Turn a float into a value between 0 and 1 (inclusive)?

Biotronic simen.kjaras at gmail.com
Tue Nov 21 11:59:59 UTC 2017


On Tuesday, 21 November 2017 at 09:21:29 UTC, Chirs Forest wrote:
> I'm interpolating some values and I need to make an 
> (elapsed_time/duration) value a float between 0 and 1 
> (inclusive of 0 and 1). The elapsed_time might be more than the 
> duration, and in some cases might be 0 or less. What's the most 
> efficient way to cap out of bounds values to 0 and 1? I can do 
> a check and cap them manually, but if I'm doing a lot of these 
> operations I'd like to pick the least resource intensive way.

Good old comparisons should be plenty in this case:

T clamp(T)(T value, T min, T max) {
     return value < min ? min : value > max ? max : value;
}

That's two comparisons and two conditional moves.

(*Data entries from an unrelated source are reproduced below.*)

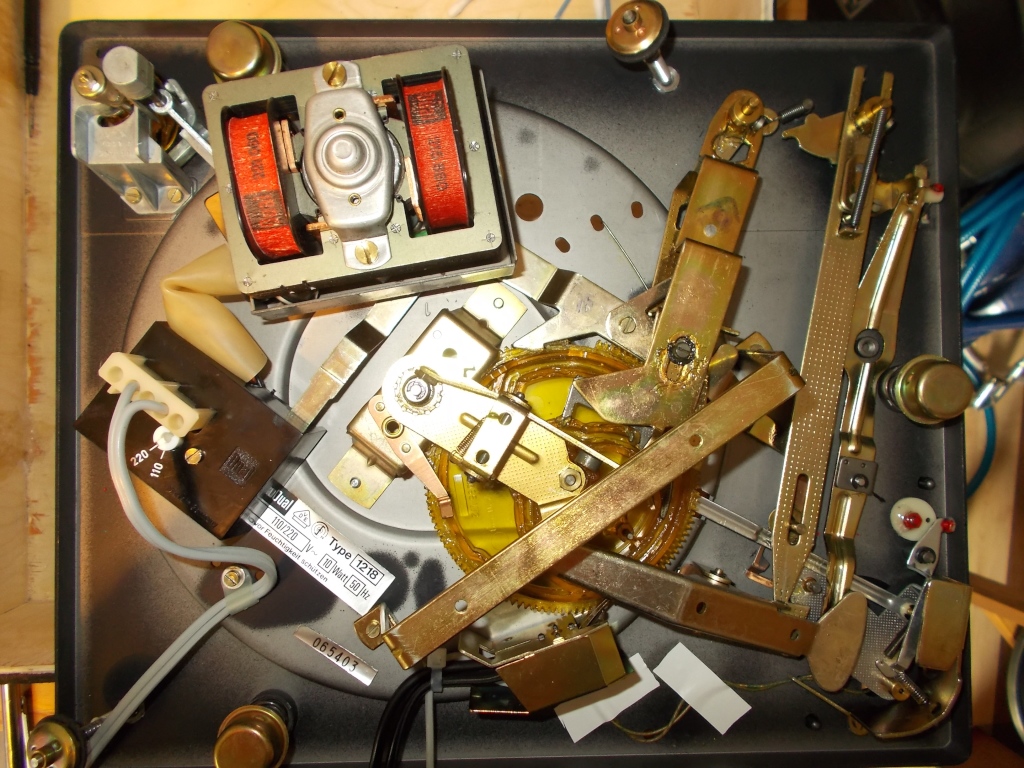 Manchmal kommt es anders als man denkt. Ich wollte heute kurz den 1218 fertig machen den mir Joe mitgebracht hat. Ein erstes Aufmachen mit Joe zeigte eine gebrochene Kurvenscheibe und ansonsten einen neu gefetteten Dreher. Also dachte ich Kurvenscheibe reparieren, Cinchkabel anlöten und gut ist. Scheisse wars! Erste Tests nach der Reparatur waren furchtbar, klapperig die ganze Geschichte, zu schnell die Kiste und irgendwie alles mistig. So schlecht soll der begehrte 1218 sein? Also habe ich mich zusammengerissen und die Kiste nochmal aufgemacht und so überholt als ob es die letzte Schranze aus irgendeinem Keller wäre. Vieles war falsch eingestellt, der Motor war nicht ordentlich gewartet, teilweise waren an entscheidenten Stellen Muttern nicht fest genug usw usw
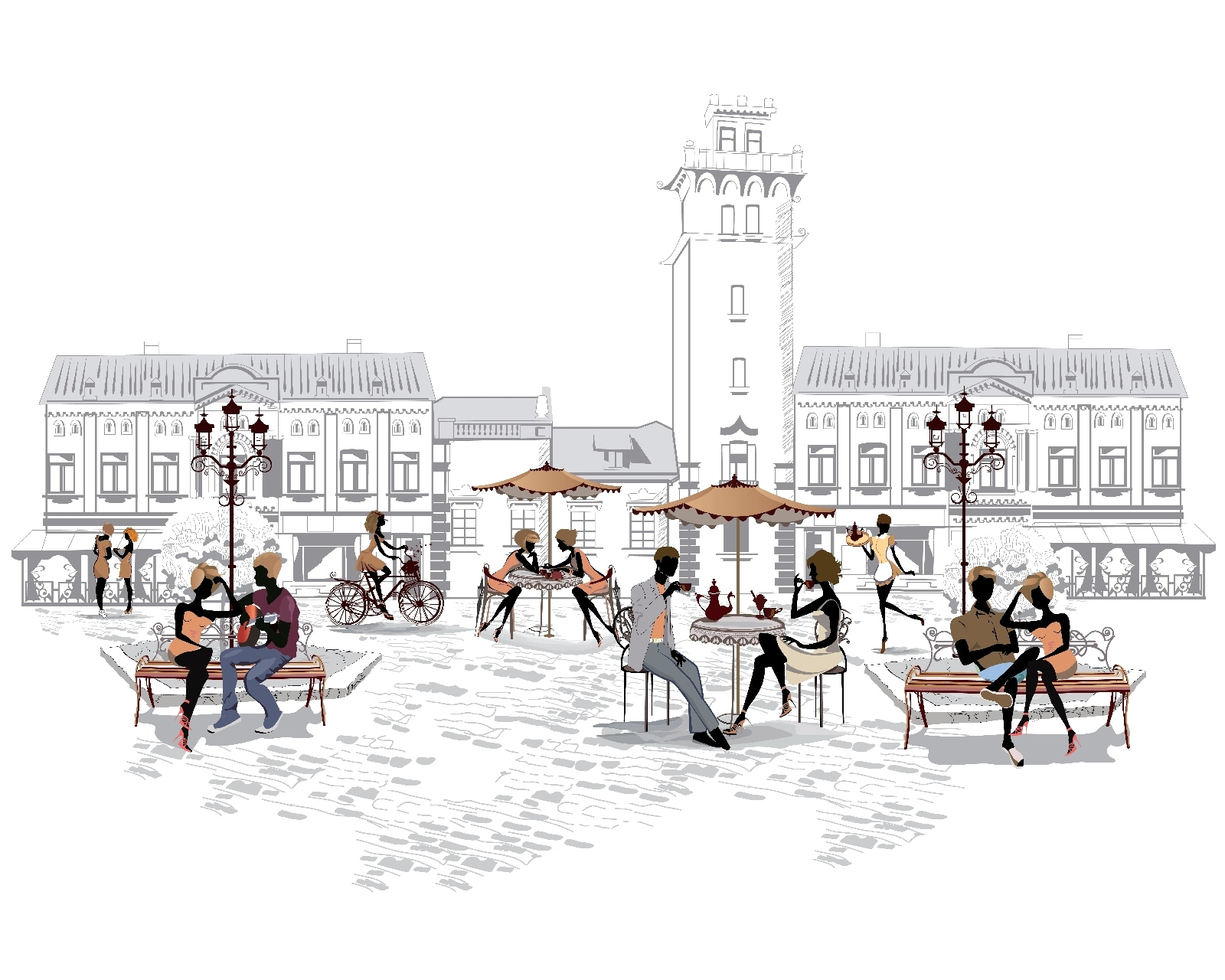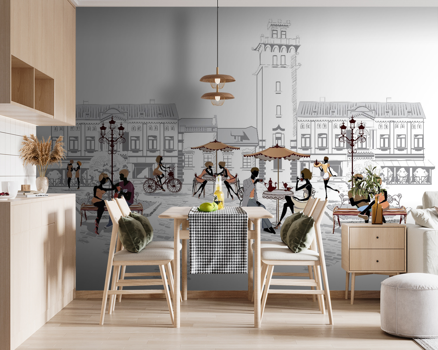 Step into a charming world with this delightful wall mural of a bustling café scene. Picture couples lost in conversation on a bench, folks sipping drinks, and laughter floating through the air. It’s like a slice of life from a dreamy European street, where time seems to slow down. The playful details add a warm touch, making your space feel alive and inviting. Imagine this on your wall—perfect for sparking conversations or simply daydreaming while you sip your morning coffee. It transforms any room into a cozy retreat, where every glance can transport you to a sunlit afternoon.
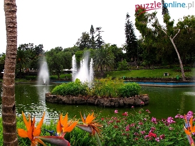 Puzzle Fontanny, Park, Kwiaty
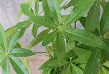 瓜栗 Walp. ),俗称发财树,木棉科小乔木,高4-5米,树冠较松散,幼枝栗褐色,无毛。小叶具短柄或近无柄。花单生枝顶叶腋;花梗粗壮,被黄色星状茸毛,脱落;萼杯状,近革质;花瓣淡黄绿色,狭披针形…全部>>
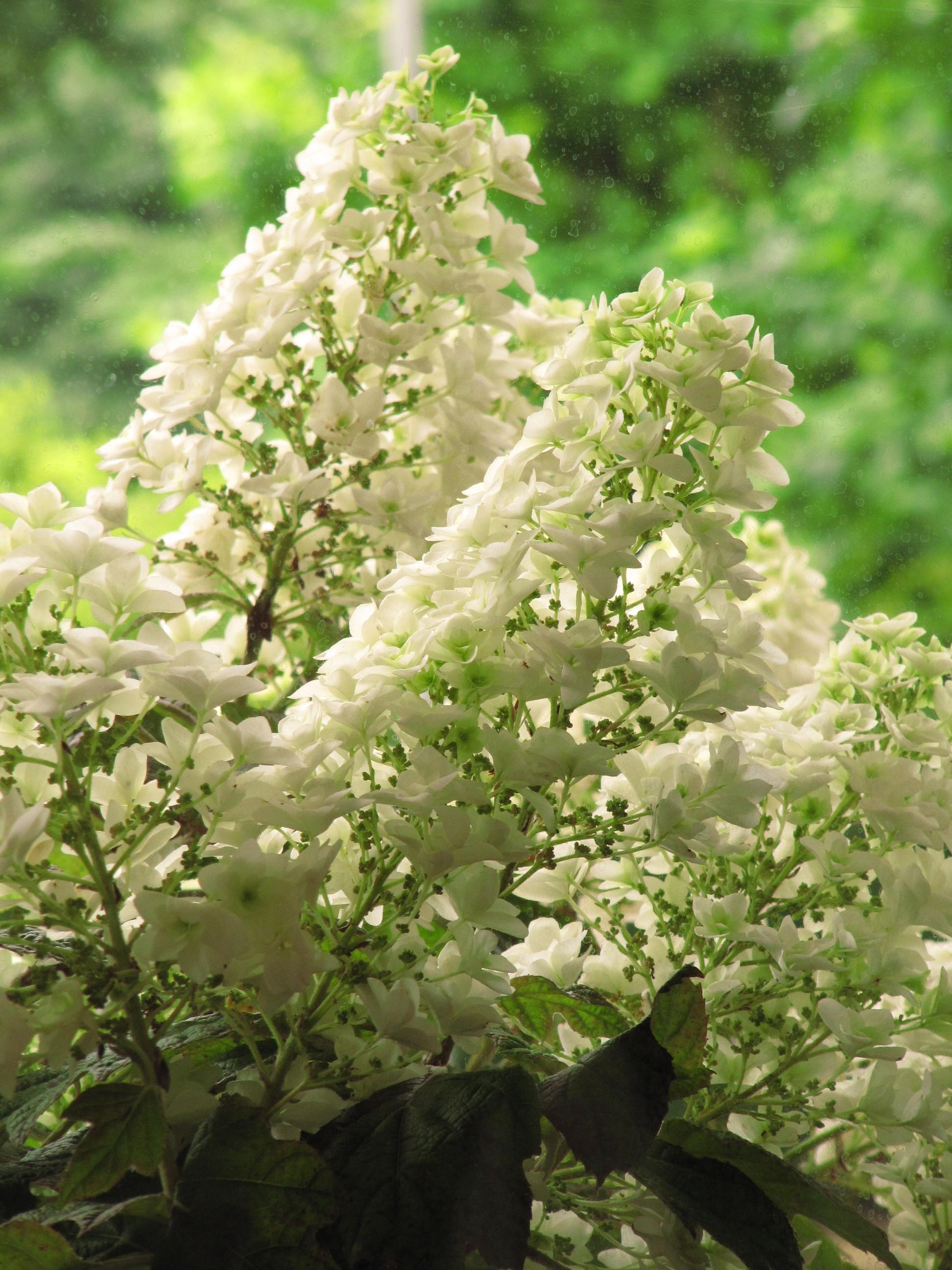管理棟のガラス窓の内側から撮ったカシワバアジサイ
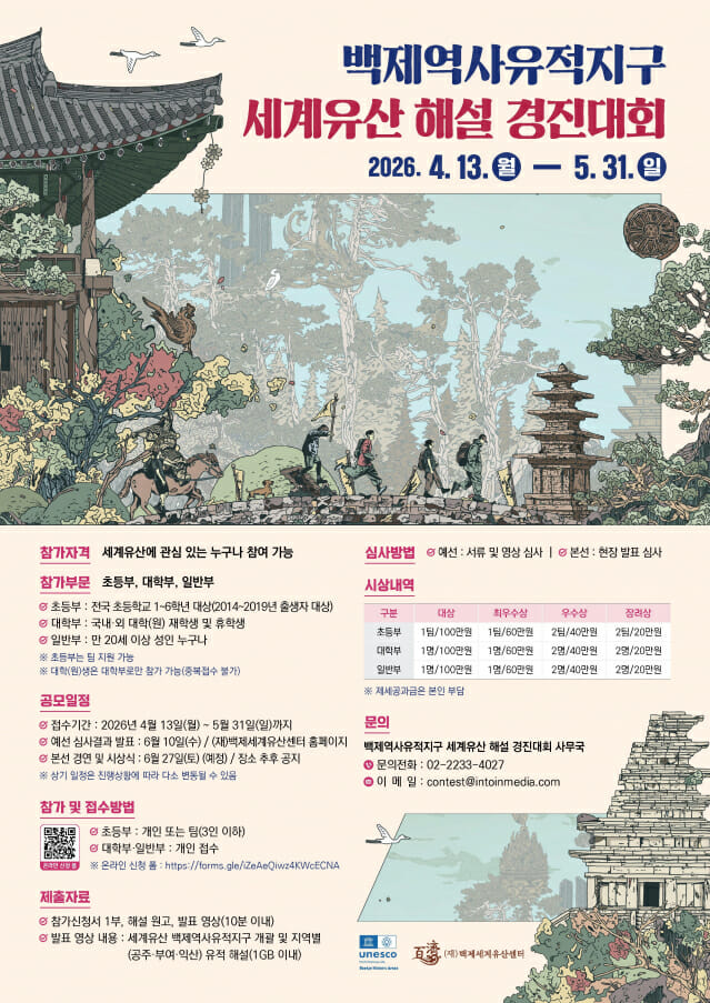 백제세계유산센터는 “이번 경진대회는 단순한 발표 대회를 넘어, 세계유산을 스스로 이해하고 자신의 언어로 풀어내는 의미 있는 경험이 될 것”이라며 “많은 국민들이 참여해 백제역사유적지구의 세계유산적 가치와 매력을 함께 나누는 계기가 되길 바란다”고 전했다.
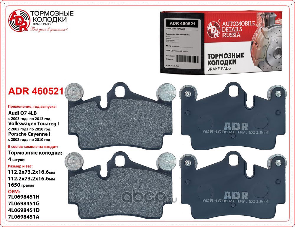 | ADR | ADR460521 | Колодки тормозные задние AUDI Q7, VW Touareg, PORSCHE Cayene, OEM 7L0698451G | ||
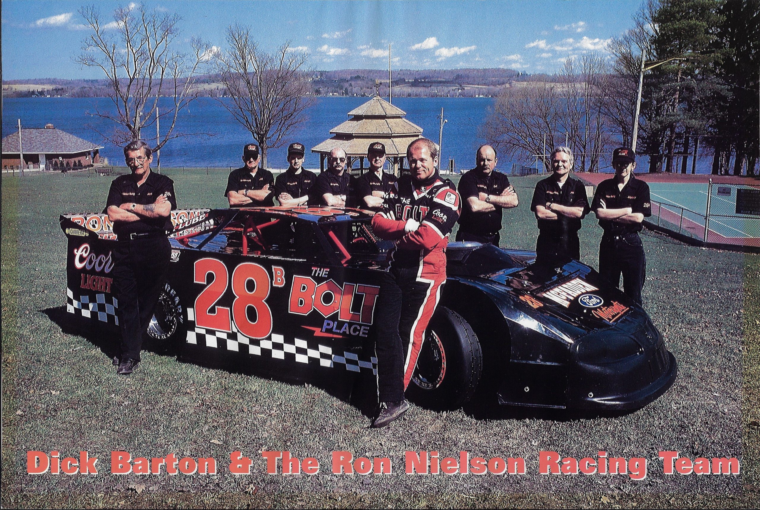 In 1993, Barton joined forces with Meadville businessman Ron Nielson to form a new team that included his former Race Team 14 crew members. Nielson's potent black Fords, sponsored by The Bolt Place, were numbered 28 in honor of the late NASCAR driver Davey Allison.
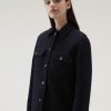 Woolrich NZ – Woolrich Brushed Blended Wool Overshirt with Fringe Blue Buffalo Women DL82253 Clothing
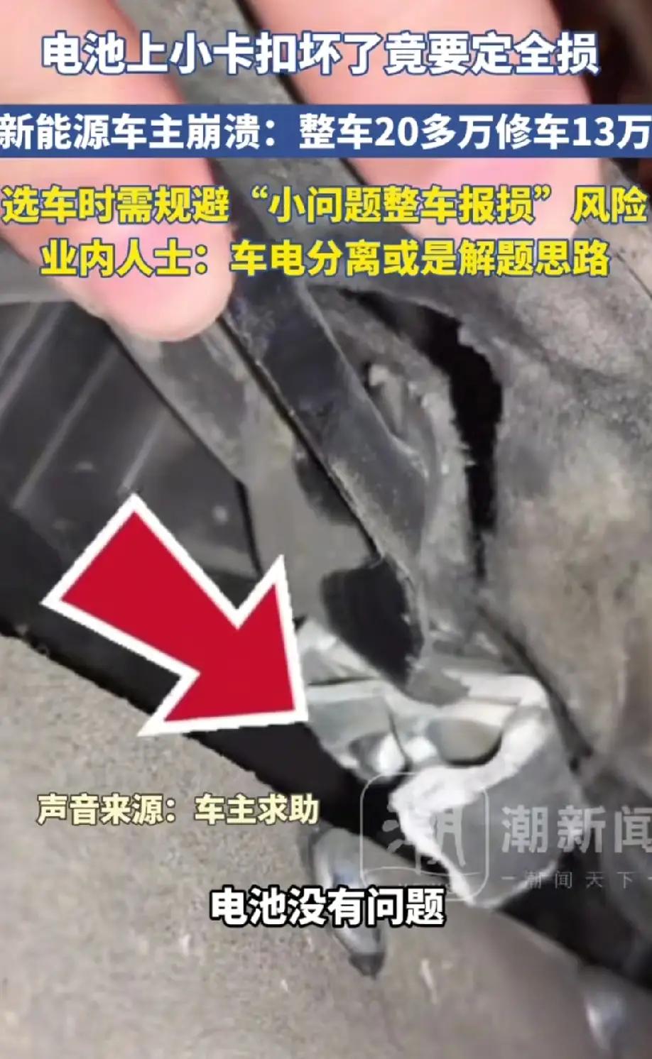 谁能想到,一辆落地二十多万的新能源车,就因为电池包上一个指甲盖大的小卡扣断裂,4S店直接开出13万天价账单,车主当场崩溃:这哪是修车,分明是抢钱! 车主刚提车不到一个月,正常行驶底盘轻微磕碰,检查后仅电池外壳固定卡扣损坏。本以为几十块就能搞定,却被告知卡扣与电池包一体成型,不单独售卖配件,只能整块更换电池。13万,几乎是半台车的价格,换谁都无法接受。 找厂家维权,得到冰冷回复:设计如此,无法单独维修;找保险公司理赔,对方不愿承担高额电池费用,最终只能按车辆全损处理。车主不仅失去新车,自己贴的车膜、改装的配件近万元损失,全打了水漂。 这不是个例,而是新能源行业普遍存在的维修垄断乱象。为了密封性与一体化设计,车企把电池包做成“不可拆解总成”,小零件坏了就得换整套,把成本全转嫁给消费者。买电车时夸口省钱,修起来却让车主一夜回到解放前。 看似是一个卡扣的问题,本质是行业对车主权益的漠视。我们支持新能源发展,但绝不接受被“只换不修”绑架。希望监管重拳出击,打破技术垄断,强制开放零部件供应,别让车主为不合理设计买单! 看完你还敢买电车吗?你遇到过维修刺客吗?评论区说说你的经历!

You're not 
gonna beat that.

> Also, if I wanted out of bounds values to wrap (2.5 becomes 
> 0.5) how would I get that value and also have 1.0 not give me 
> 0.0?

As Petar points out, this is somewhat problematic. You think of 
the codomain (set of possible results) as being the size (1.0 - 
0.0) = 1.0. However, since you include 1.0 in the set, the size 
is actually 1.0 + ε, which is very slightly larger. You could use 
a slightly modified version of Petar's function:

T zeroToOne(T)(T val) { return val % (1+T.epsilon); }

However, this induces rounding errors on larger numbers. e.g. 1.0 
+ ε becomes 0, while you'd want it to be ε.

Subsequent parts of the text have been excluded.